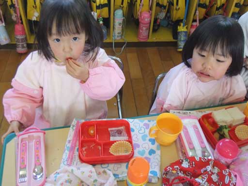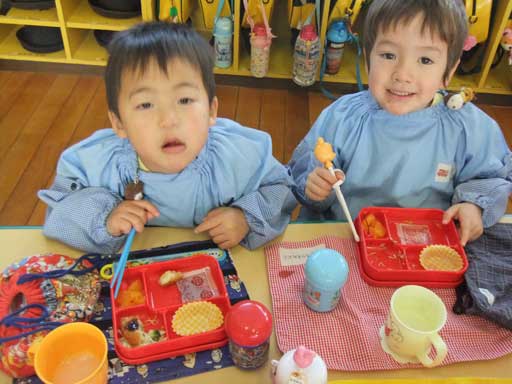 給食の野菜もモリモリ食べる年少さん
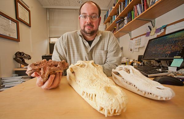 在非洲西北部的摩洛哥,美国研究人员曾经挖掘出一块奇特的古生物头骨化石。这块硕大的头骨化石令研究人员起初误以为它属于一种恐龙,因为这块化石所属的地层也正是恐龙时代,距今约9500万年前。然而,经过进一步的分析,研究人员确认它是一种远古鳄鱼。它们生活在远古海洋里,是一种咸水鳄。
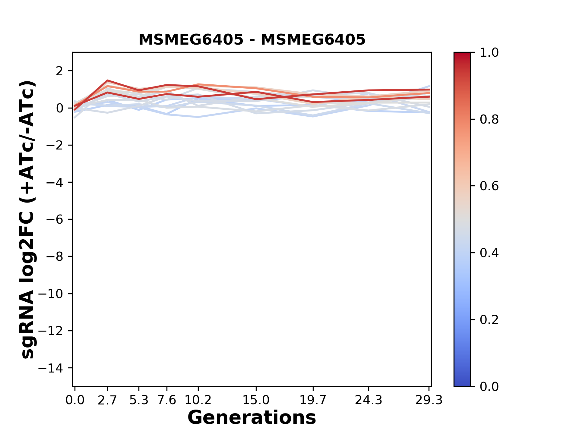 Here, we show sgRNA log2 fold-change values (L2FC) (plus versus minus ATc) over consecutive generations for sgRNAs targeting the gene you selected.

--

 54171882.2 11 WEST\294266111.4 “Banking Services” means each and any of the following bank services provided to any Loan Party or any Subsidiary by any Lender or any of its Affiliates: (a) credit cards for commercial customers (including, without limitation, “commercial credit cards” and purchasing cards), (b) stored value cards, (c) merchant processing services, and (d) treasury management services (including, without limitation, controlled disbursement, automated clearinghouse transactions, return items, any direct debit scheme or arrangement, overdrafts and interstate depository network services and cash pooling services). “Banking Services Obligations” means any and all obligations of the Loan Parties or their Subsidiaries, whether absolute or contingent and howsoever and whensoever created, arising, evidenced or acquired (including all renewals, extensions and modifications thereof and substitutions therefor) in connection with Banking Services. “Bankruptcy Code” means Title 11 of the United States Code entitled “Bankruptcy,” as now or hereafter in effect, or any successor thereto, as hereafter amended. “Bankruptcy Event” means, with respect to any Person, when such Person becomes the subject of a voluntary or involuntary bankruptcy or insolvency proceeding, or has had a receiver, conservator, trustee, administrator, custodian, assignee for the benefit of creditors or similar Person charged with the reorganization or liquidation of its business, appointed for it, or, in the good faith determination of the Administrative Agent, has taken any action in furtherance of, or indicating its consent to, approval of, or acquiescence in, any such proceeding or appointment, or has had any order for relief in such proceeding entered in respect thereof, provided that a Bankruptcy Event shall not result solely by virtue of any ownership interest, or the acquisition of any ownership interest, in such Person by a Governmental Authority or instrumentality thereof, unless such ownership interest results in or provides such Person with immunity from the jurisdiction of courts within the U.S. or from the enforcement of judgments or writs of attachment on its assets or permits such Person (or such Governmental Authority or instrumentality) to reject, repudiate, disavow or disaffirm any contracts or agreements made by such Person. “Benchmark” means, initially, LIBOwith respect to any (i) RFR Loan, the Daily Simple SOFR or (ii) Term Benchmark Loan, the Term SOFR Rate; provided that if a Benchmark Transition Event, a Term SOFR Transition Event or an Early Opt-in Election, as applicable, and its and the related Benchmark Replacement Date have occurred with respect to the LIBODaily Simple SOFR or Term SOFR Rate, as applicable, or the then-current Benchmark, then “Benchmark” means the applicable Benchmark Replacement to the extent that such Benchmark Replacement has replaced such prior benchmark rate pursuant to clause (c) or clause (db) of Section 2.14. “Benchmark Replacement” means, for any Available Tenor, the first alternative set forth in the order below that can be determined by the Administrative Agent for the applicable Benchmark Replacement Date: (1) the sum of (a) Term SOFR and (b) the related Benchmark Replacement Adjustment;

TASK ITEM:
Pictures in the entries do not go into the copy. Print only the lines starting at the one containing "給食の野菜もモリモリ食べる年少さん" and ending at the one containing "Here, we show", exactly as they appear.

ANSWER:
 給食の野菜もモリモリ食べる年少さん
 在非洲西北部的摩洛哥,美国研究人员曾经挖掘出一块奇特的古生物头骨化石。这块硕大的头骨化石令研究人员起初误以为它属于一种恐龙,因为这块化石所属的地层也正是恐龙时代,距今约9500万年前。然而,经过进一步的分析,研究人员确认它是一种远古鳄鱼。它们生活在远古海洋里,是一种咸水鳄。
 Here, we show sgRNA log2 fold-change values (L2FC) (plus versus minus ATc) over consecutive generations for sgRNAs targeting the gene you selected.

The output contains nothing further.